Still, I’m not exaggerating when I say this is the biggest leap in consumer AI since ChatGPT first launched. The voice is warm—they use a voice called “Breeze” in the US, and it’s got these little breathing pauses and inflections that make it feel real. Too real, actually. I caught myself saying “please” and “thank you” to it. Out loud. In public.

Sam Altman posted on X last week that voice mode usage has doubled since the free rollout. I believe it. The convenience factor is insane. I used it to write this article’s outline while driving (don’t tell my editor). I used it to calm my niece down when she was upset about a bad grade. It gave her a little pep talk about how Einstein failed math. Corny, but it worked.

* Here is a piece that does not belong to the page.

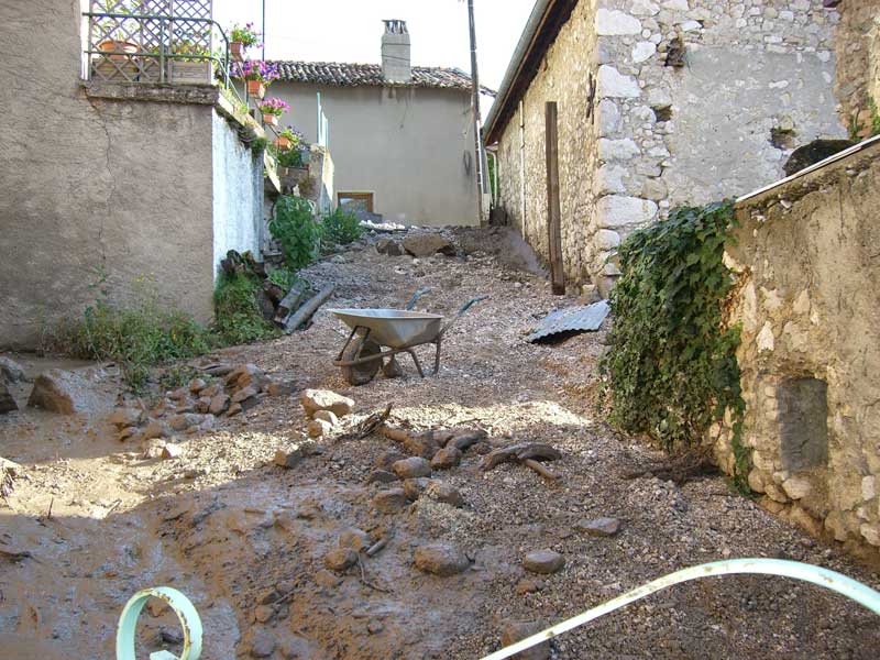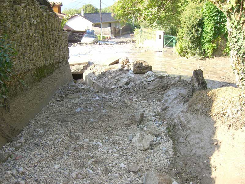 Les barrages en béton qui ont étè contruits en amont du Sabot aprés la crue de 1955 se sont comblés aussi progressivement, et ne remplissent plus leur rôle de retenue de matériaux, de plus ceux-ci n’ont pas étè curés lors du précèdent débordement à Malhivert en 1996, ce qui l’aurait réduit cette fois-ci.

What I’m most curious about is where this goes next. OpenAI is reportedly testing real-time translation and even emotional tone detection. If you think voice mode is wild now, wait until it can tell you’re sad just from your voice and adjusts its responses. That’s either the future of mental health support or a Black Mirror episode waiting to happen.

For now, I’ll say this: try it. It’s free. Talk to it about your day. Ask it to tell you a story. It’ll probably surprise you. Just don’t expect it to understand your accent perfectly. We’re not there yet.